We try to mitigate noise by adding multiple latents at the same time (64) rather than adding latents individually, effectively averaging the hedging effect of these 64 latents. We will reword this to make it more clear that adding multiple latents together is done to reduce the noise of the metric (although the metric is not very noisy to begin with, as shown by the very thin error bars in the hedging plots in the paper).

We hope we have addressed your concerns raised in the review, and would kindly ask you to adjust your review score while taking the rebuttal into account.

References

[1] Chanin, David, et al. "A is for absorption: Studying feature splitting and absorption in sparse autoencoders." arXiv preprint arXiv:2409.14507 (2024).
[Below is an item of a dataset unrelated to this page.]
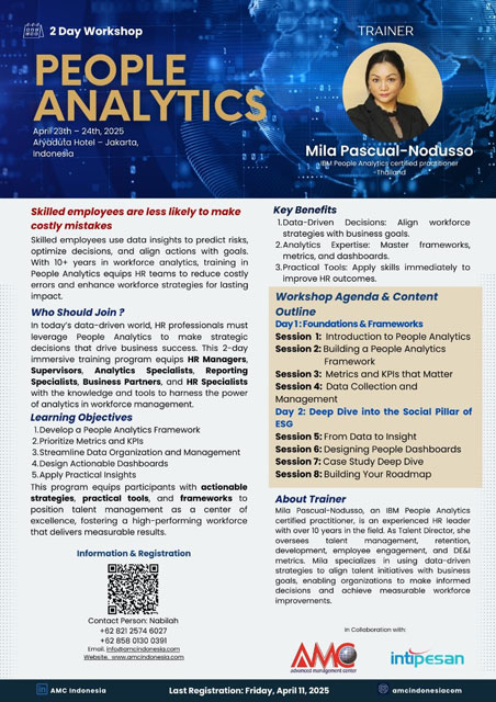 In today’s data-driven world, HR professionals must leverage People Analytics to make strategic decisions that drive business success. This 2-day immersive training program equips HR Managers, Supervisors, Analytics Specialists, Reporting Specialists, Business Partners, and HR Specialists with the knowledge and tools to harness the power of analytics in workforce management.

[2] Bussmann, Bart, et al. "Learning multi-level features with matryoshka sparse autoencoders." arXiv preprint arXiv:2503.17547 (2025).

2025-08-04

Thank you for the detailed author response. My concerns have been addressed, and I have increased my score accordingly. I appreciate the novelty of this work, but the initial submission lacks sufficient detail. The explanations provided in the rebuttal are essential for clarity, and I strongly recommend that the authors incorporate this information into the manuscript to improve its overall quality and readability.

2025-08-05

We are grateful to the reviewer for raising their score, and for their thoughtful engagement during the review process. We will focus on addressing all the points of clarity brought up in the review in the final version of the paper. We believe this feedback will make the paper much stronger as a result, so we deeply thank the reviewer for providing this feedback and helping to identify the parts of the paper that are unclear.

2025-08-06

We would just like to politely check: did the reviewer forget to revise their score after stating they would?

评论- Please engage with the rebuttals ASAP

2025-08-04

Dear reviewers,

Thank you for your work reviewing this paper. The authors have provided detailed rebuttals. Please engage urgently with the rebuttal by updating your review where necessary and by providing a final justification, asking for further clarification where needed.

Thank you, the AC

最终决定Reject

2025-09-17

This paper identifies and studies a phenomenon termed "feature hedging," where a sparse autoencoder (SAE) with insufficient capacity (too few latents) trained on correlated features learns to represent multiple features within a single latent direction, compromising monosemanticity. The authors contrast this with the previously identified problem of "feature absorption".

The authors provide clear, intuitive experiments with 1- and 2-latent SAEs showing how hedging arises under hierarchical, correlated, and anti-correlated features. They define the "hedging degree" to quantify the effect in larger SAEs trained on Gemma and Llama models, ostensibly showing severe hedging in narrow SAEs that persists even in very wide ones. They finally propose a modified "balance matryoshka SAE" to mitigate both issues; its key idea is to apply a scaling coefficient to the loss for each matryoshka level which should allow balancing hedging and absorption.

However, the core concept is somewhat obvious in hindsight: an undercomplete autoencoder will be forced to compress information, and correlated information will be compressed together. While the authors give concrete illustrations of this phenomenon in the context of SAEs on transformers, the resulting insight is limited. While initial concerns about the definitions of hedging were resolved during the discussion period, the proposed solution carries a huge computational cost due to the required fine-tuning of the multiplicative parameters in the SAEs, as noted by the authors and reviewers FUCB and qeRK. This complication lowers the applicability and broader impact of the method. Finally, the method does not convincingly close the performance gap with supervised baselines that motivated the work, so I ultimately do not recommend acceptance at NeurIPS.